David Samet-Multiple Sclerosis-(Israel)

Name: David Samet
Sex: Male
Nationality: Israeli
Age: 50Y
Diagnosis: Multiple Sclerosis(MS)

Before treatment:
The patient was diagnosed with MS 10 years ago. He used interferon and steroids for 3 years then in 2012 he began to use Tysabri for treatment and his condition became stable. In October 2015 his condition got worse again. His legs became weak and he walked in an abnormal manner. He received methylprednisolone intravenous injections, his condition became better and he could stand and walk. In July 2016, his condition became worse again so in February 2017 he had methylprednisolone and Tysabri injections once a month but his condition still declined. The muscle power of his arms was weak and he walked slowly. For now, he is unable to stand up, sit up, walk or turn over his body.
His spirit is normal, his diet is normal but he does not sleep well. He has frequent micturition, his defecation function is normal.

Admission PE:
Bp: 125/68mmHg, Hr: 73/min, body temperature: 36.7 degrees. weight: 70Kg. Nutrition status is good with normal physical development. There was no bleeding spots or yellow stains on his skin and mucosa, no tonsil swelling, chest development is normal and the respiratory sounds in both lungs were clear with no dry or moist rales. The heart beat is strong with regular cardiac rhythm and no obvious murmur in the valves. The abdomen was soft and flat with no masses or tenderness. Liver and spleen were normal, shifting dullness was negative. The spinal column was normal and there was no edema of the legs.

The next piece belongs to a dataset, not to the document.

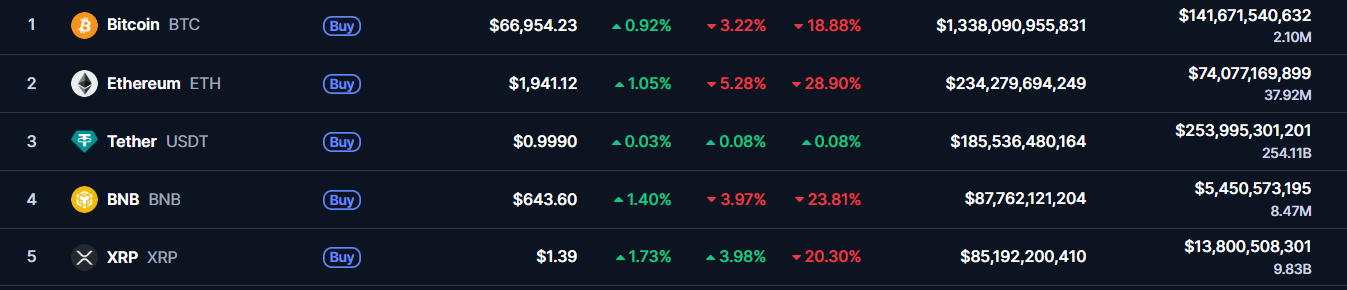 Bitcoin è scambiato a 66.863,53 $, con un rialzo giornaliero dello 0,84%, settimanale del 3,35% e mensile del 18,99%. La capitalizzazione di mercato raggiunge 1.336 miliardi di dollari, sostenuta da volumi di scambio pari a 141,39 miliardi. Con 19,98 milioni di BTC in circolazione, la criptovaluta mantiene una posizione dominante, confermando il suo ruolo di asset guida del mercato. Il movimento recente suggerisce una fase di consolidamento all’interno del trend rialzista di lungo periodo.

Nervous System Examination:
Patient was alert and his mental status was fine with clear speech. The memory, orientation and calculation abilities were normal. Both pupils were equal in size and round, diameter of 3.0 mm and react well to light showing no eyesight problem and no nystagmus. His  eyesight was normal by gross examination with no diplopia and no visual field loss. Bilateral forehead wrinkle and nasolabial groove are symmetrical, he can make his  tongue extend out while it is skewed to the left side slightly. There was no tongue muscle atrophy, showing the teeth was normal. the uvula was in middle and the soft palate can lift as normal. His neck could move freely and he can shrug as normal. The muscle power of the arms was was 5- degrees, left leg muscle power was 2+ degrees, right leg was 2 degrees. The muscle tone of the arms was normal and of the legs it was higher. The right arm biceps reflex was active, The radial periosteal reflex of the legs was normal, left arm tendon reflex was normal, patellar tendon reflex was hyperactive. The abdominal reflex was present, the bilateral palm,-jaw reflex was negative, the Hoffmann sign of both sides was negative, bilateral Babinski sign was positive and the ankle clonus was negative. His sensory examination was normal and he can perform the finger to nose test and finger opposite movement as normal. The fast alternate movement of both sides was normal. He could not perform the lower limbs heel-knee-tibia test because of weakness (he can not stand independently). The meningeal irritation sign was negative.

Treatment:
After the admission he received 3 times nerve regeneration treatment to repair his  damaged nerves, replace dead nerves, nourish nerves, regulate his immune system and improve blood circulation. This was done along with rehabilitation training.     

Post-treatment:
After 14 days treatment his leg muscle tone decreased, the movement ability got better and his walking gait was much better than before with the walking pace increased. The muscle power of the legs increased with the muscle strength of his left leg now level 3 and the right leg level 3-.